Relegati ai margini della distinzione tra morte e vita definitive, i muenbotoke, i gaki, i goryō, impongono la stessa confusione di categorie e portano malattie, pestilenze, disastri.
La morte che infliggono, violenta e improvvisa, crea altri morti inquieti: più trascinano i vivi nella loro dimensione e più sono respinti, più sono respinti e più diventano aggressivi e maligni, in un processo che può non finire mai.
L’unico modo per porvi fine è che i vivi ristabiliscano con questi spiriti l’equilibrio dello scambio simbolico; così, quando malattie, disgrazie economiche e morti improvvise cominciano ad abbattersi sulla famiglia, quando pestilenze, carestie e terremoti affliggono il paese, i vivi si rassegnano ad accondiscendere alla volontà dei morti inquieti e cercano di bilanciare l’eccesso dell’azione dei morti con una contro-azione altrettanto fuori del normale.

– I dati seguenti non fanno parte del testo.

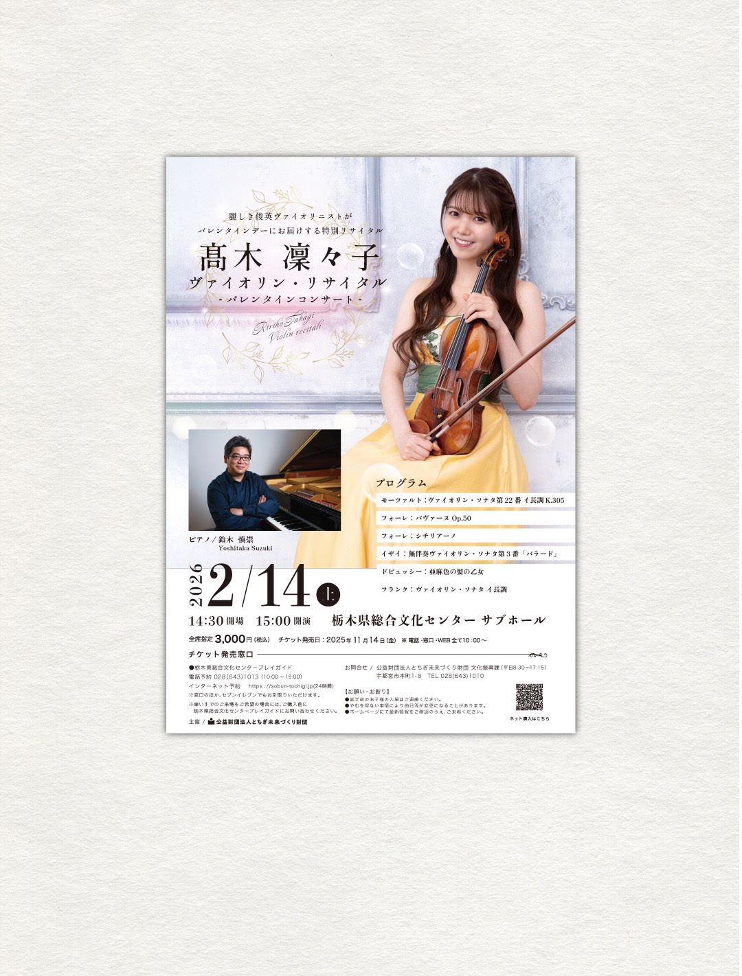 栃木県総合文化センターで開催される、髙木凜々子様の
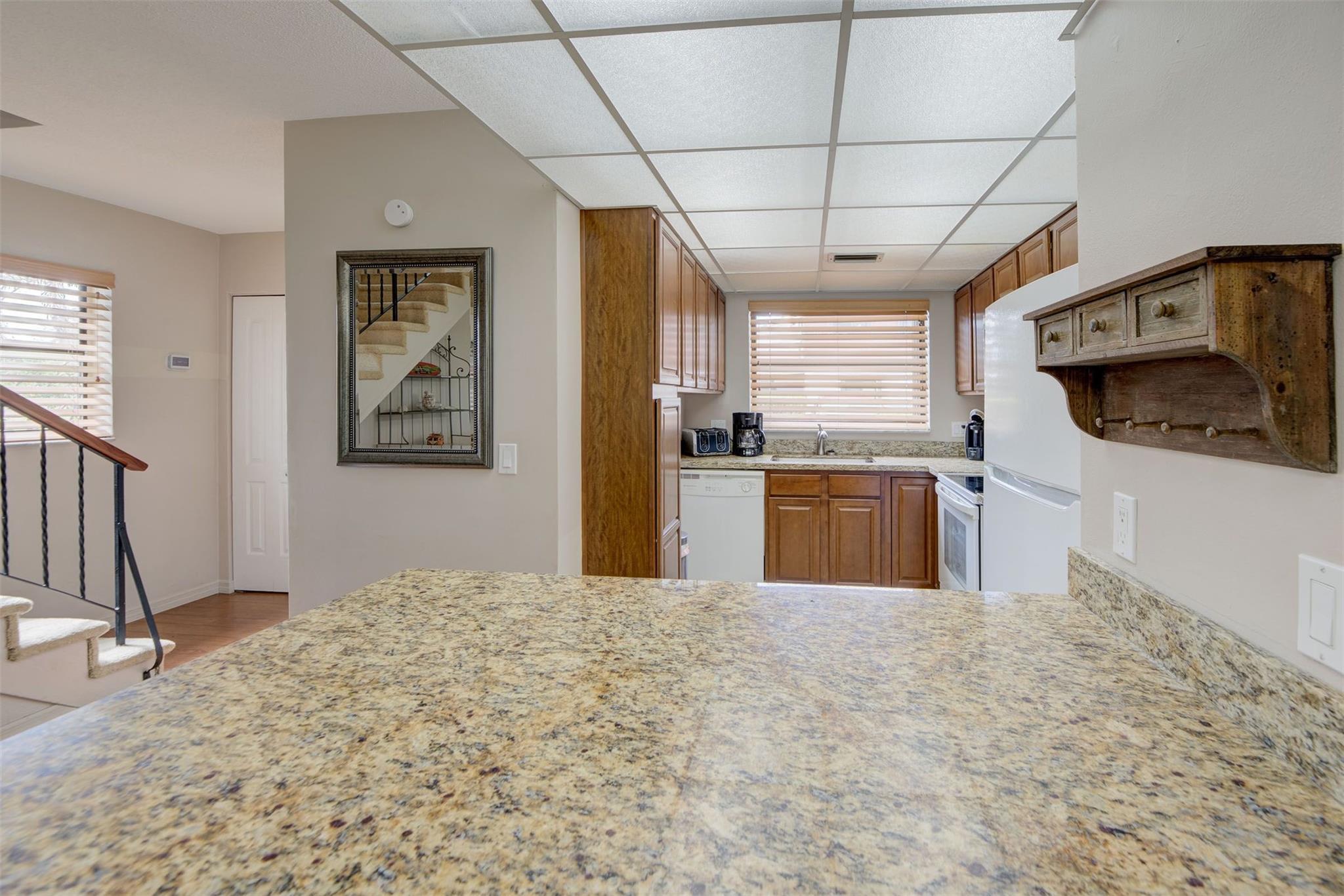 Corner unit with golf view!!! 2-story townhome in prime East Hollywood location close to the beach!! Open floor plan, Updated Kitchen with granite counters, half bath on the first floor, and a beautifully updated master bathroom on the 2nd floor. Private balcony off the master bedroom, large screened room with utility room and full size washer & dryer, tons of storage/closet space including master walk-in closet. The roof was replaced in 2021. Accordion hurricane shutters and parking spaces right in front of the unit. No leasing for 2 years. Low monthly maintenance $365.
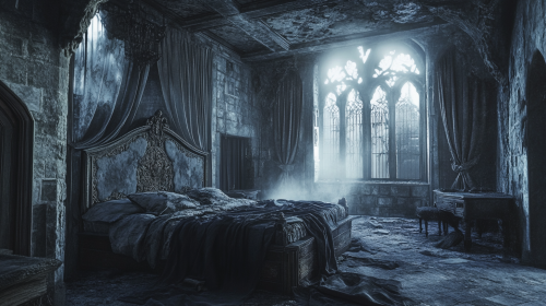 castle master bedroom, medieval, spooky night, midnight, dark, old faded luxury, velvet curtains, filled with mist inside building, floating mist, rotted beds, cracked stone, horror vibe, style of video game concept art, --ar 16:9
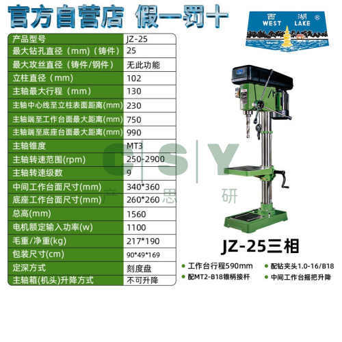"杭州西湖台钻Z512b Z516 高精度精密重型工业级380v钻孔台式钻床-西湖正品加高重型JZ-25三相1100W 工业级"商品可能已被商家删除,您可查看其他相似商品!
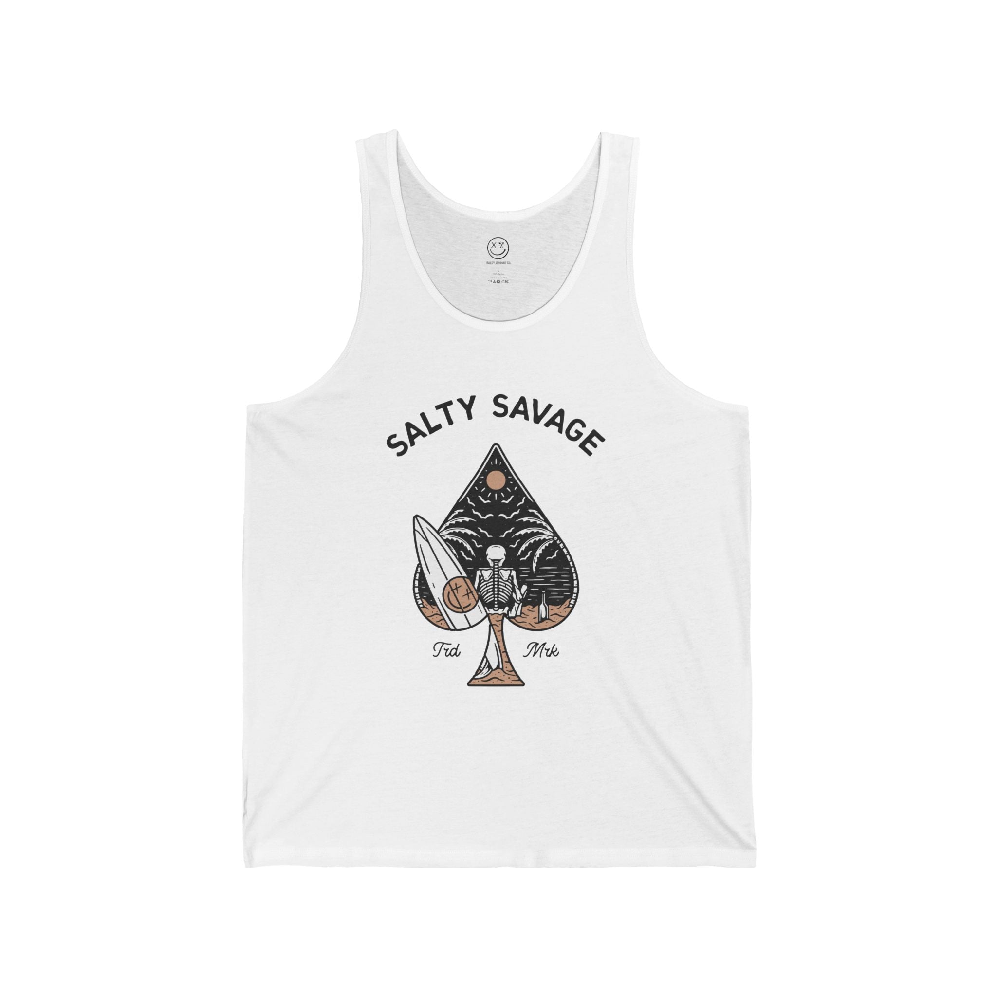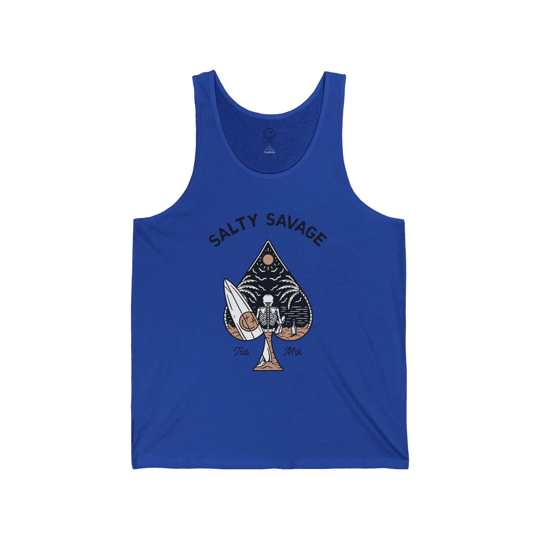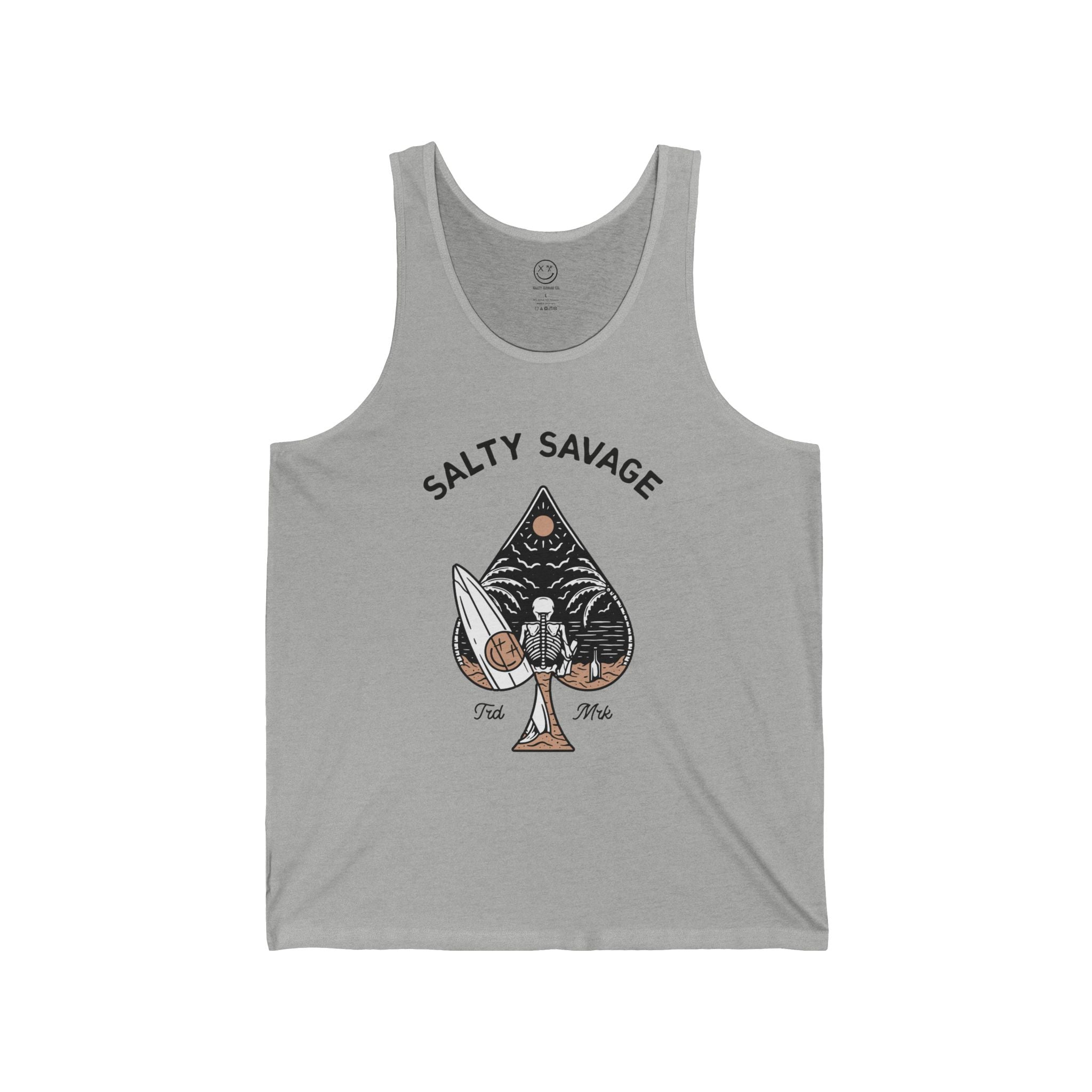 Salt-kissed afternoons and wind-tousled hair live in this light, breathable tank. The design — a stylized spade-shaped wave scene with surfboard and helmet details and the words “Salty Savage” — feels like a quiet nod to people who chase swell and solitude. Wear it after a dawn paddle, layered under an open linen shirt at the pier, or folded into a beach pack for spontaneous sessions. The retail fit and airy fabric let movement lead: paddle, coil, sprint, breathe. The tear-away label keeps the back free from itch when you’re sunning or swimming. Made with care and built to keep its shape, this tank settles into your rotation and into those salt-stained memories.
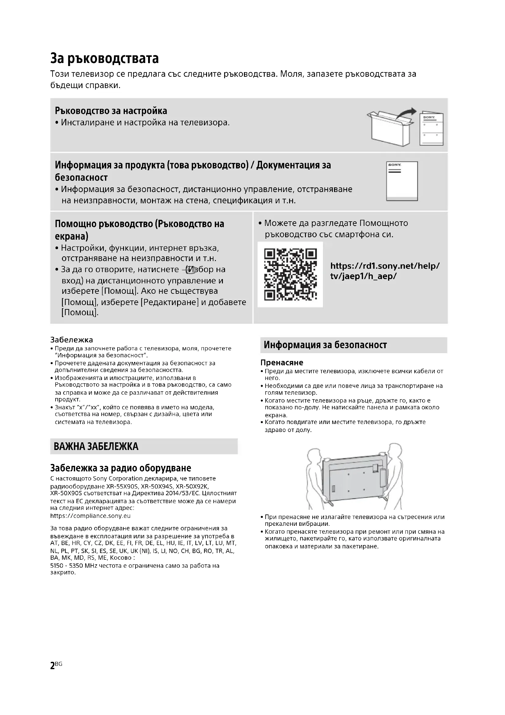 - Можете да разгледате Помощното ръководство със смартфона си. https://rd1.sony.net/help/ tv/jaep1/h_aep/ ВАЖНА ЗАБЕЛЕЖКА Информация за безопасност3
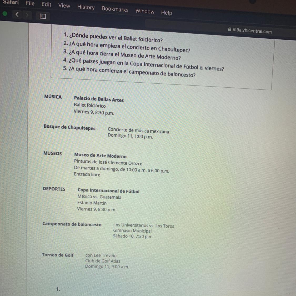 1) Por la mañana..2) Primero..3) Despues. 4) Entonces..5) Antes ..6) Por Ultimo......7)Durante el dia ..8) Mas tarde..9) Por la tarde..10) Por la noche...11) Mas tarde..12)Antes de ...
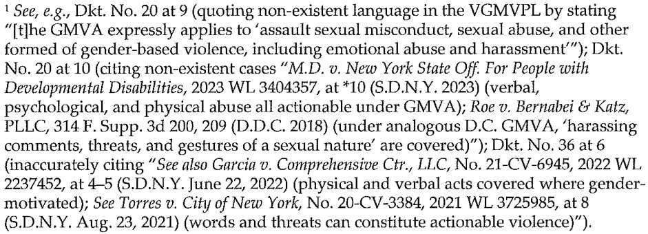 [B]oth Tantaros’s opposition to Brown’s motion to dismiss the complaint and her unauthorized sur-reply contain both inaccurate and non-existent citations to cases and statutes. After Brown’s counsel notified Tantaros of citation issues in her opposition brief, Tantaros filed a “Notice of Correction of Citations” which purported to “immediately withdraw[] voluntarily” some but not all of the non-existent or inaccurate citations in her opposition to Brown’s motion.
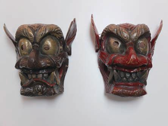 ここで彼らが被る鬼の面は、角がなく顔に筋があるのが特徴。天念寺を始めとする西国東の鬼面はこのタイプが多いという。大きな耳は、民衆の願いを聞き届けるためとも言われる。
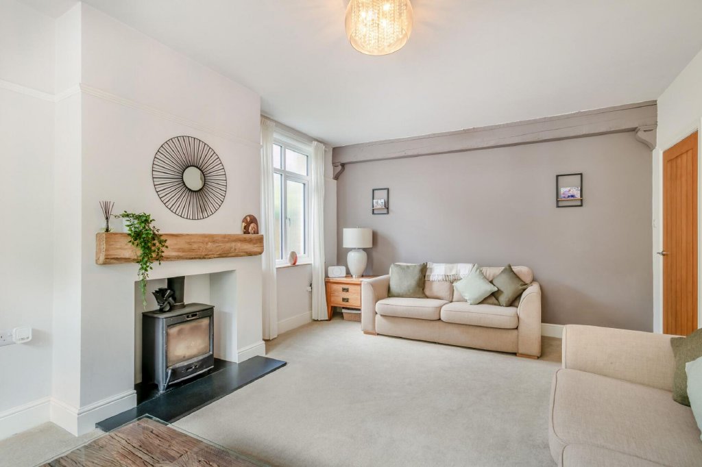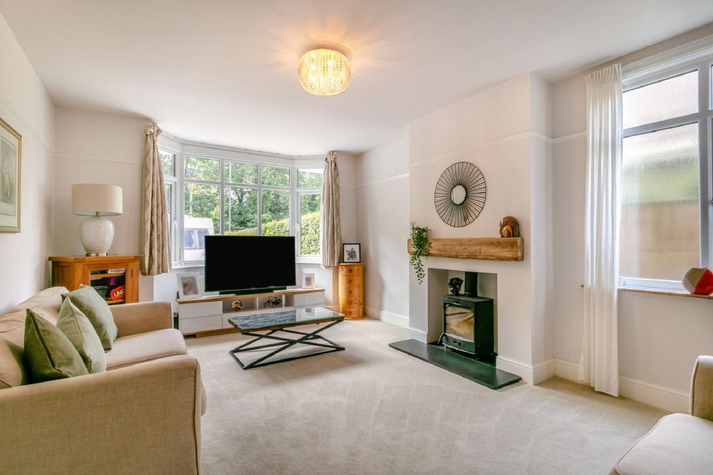 The dual aspect sitting room features a fireplace with a wood burner, adding a warm and welcoming atmosphere to this great sized room. A large bay window looks out of the front of the property.
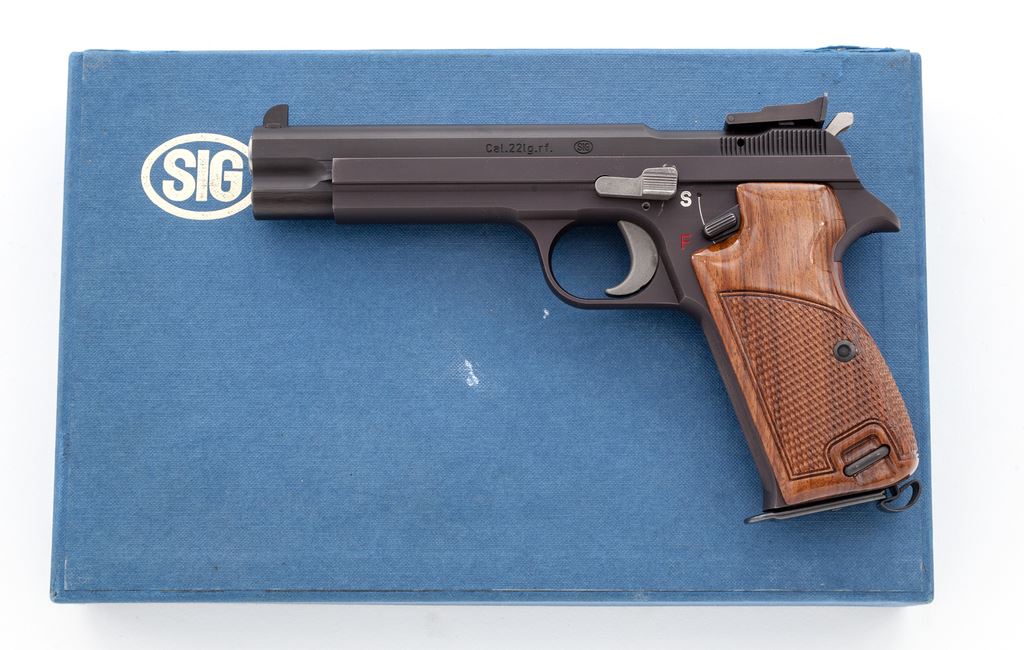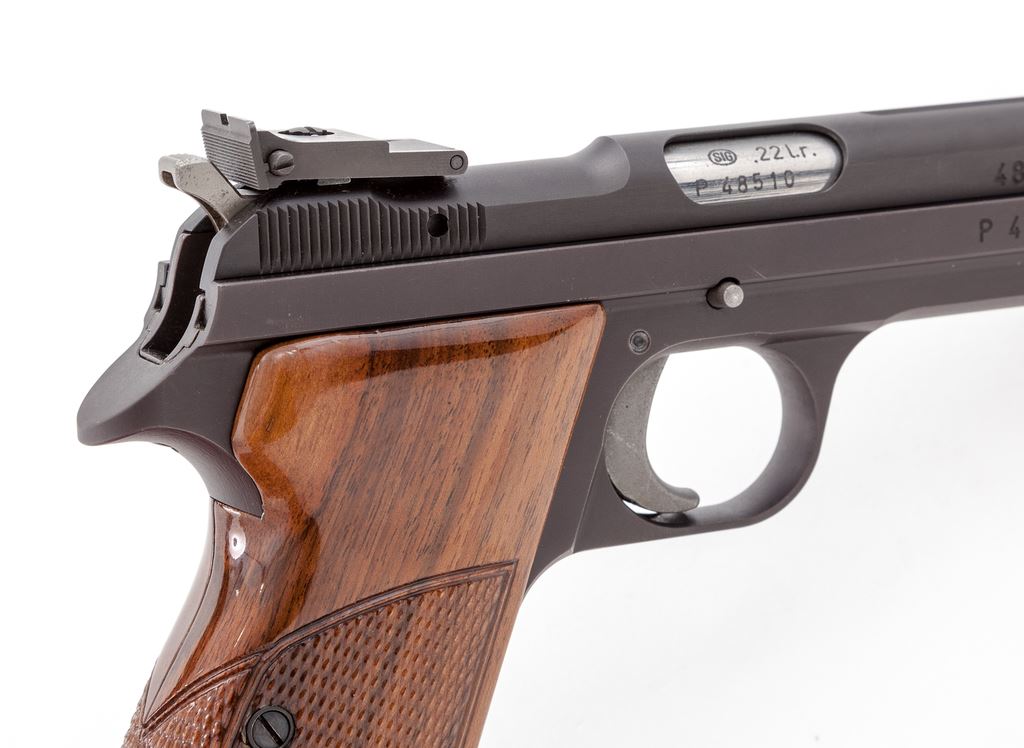 Extremely Rare Sig P210-7 Semi-Automatic Pistol, #P48510, .22 LR cal., 4.75'' barrel, blue finish, gloss-finished two-piece checkered walnut grips, tall blade front sight, fully adjustable rear sight, with one magazine. Lower left side with lanyard bar. In original blue one-piece box that is numbered to the gun, with owner's manual, SIG patch, test target, additional pair of checkered black plastic grips, and other misc. factory paperwork. Right side of barrel, frame, and slide with matching numbers; slide number does not include the ''P'' prefix. Barrel is also marked with ''SIG'' logo and ''.22 Lr.'' Left side of slide is marked ''Cal.22lg.rf.'' with ''SIG LOGO''. Approx. 99% original finish remains and pistol rates as excellent and appears near new overall. Finish with a normal light arch at the slide stop and safety, otherwise showing only a few slight handling marks. Wood grips retain all of their finish and appear as new. All factory lettering is sharp. Action is extremely smooth with a bright bore. Interior foam portion of lid has separated at the seam but is present; top and bottom piece of foam both show some deterioration. Box exterior shows normal light storage wear. Extra grips rate as excellent. A rare opportunity for the Sig or Swiss arms collector. Est.: $5,000-$7,000. (Modern/PPT)
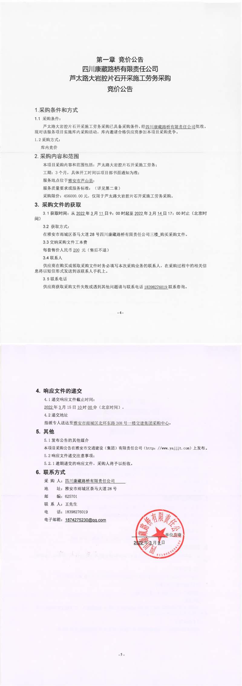 四川康藏路橋有限責任公司蘆太路大巖腔片石開采施工勞務采購競價公告
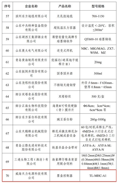 9月23日,山東省工信廳公示了2024年“山東制造·齊魯精品”名單,其中,威海光威復(fù)合材料股份有限公司、山東亙?cè)虏牧瞎煞萦邢薰尽⑵至殖缮剑ㄉ綎|)輪胎有限公司、威海天力電源科技有限公司4家企業(yè)的產(chǎn)品上榜。

Nel nucleo familiare il muenbotoke comincia ad essere trattato come se fosse un vero antenato; parallelamente nella comunità si svolgono riti quali l’okatabuchi (御方打), il koto koto, il kapa kapa, il namahagematsuri.
Il processo di controllo dei goryō è più complesso: il morto deve essere ricompensato e gli si dà simbolicamente cioè che la morte ingiustamente gli aveva sottratto; si cerca di realizzare il suo sogno di un tempo, gli si attribuiscono postumi onori che aveva agognato e che la morte improvvisa gli aveva impedito di raggiungere.
Non si è mai sicuri che la sua anima sia veramente placata, potrebbe esserlo ma solo momentaneamente, i vivi possono essere certi di averlo pacificato solo attribuendogli lo status più importante nella gerarchia sociale dell’aldilà: così il goryō viene deificato e venerato come wakamiya (若宮), giovane kami.
Placato, il goryō diventa un essere buono, che protegge gli uomini proprio contro quei pericoli di cui un tempo era la causa; nell’epoca Heian la pratica buddhista del Nenbutsu era considerata una delle forme rituali più potenti per proteggere i vivi contro i morti inquieti e soprattutto contro i goryō: la cerimonia aveva il potere di condurre le anime sotto la protezione del Buddha Amida e di farle entrare nel Paradiso della Terra Pura.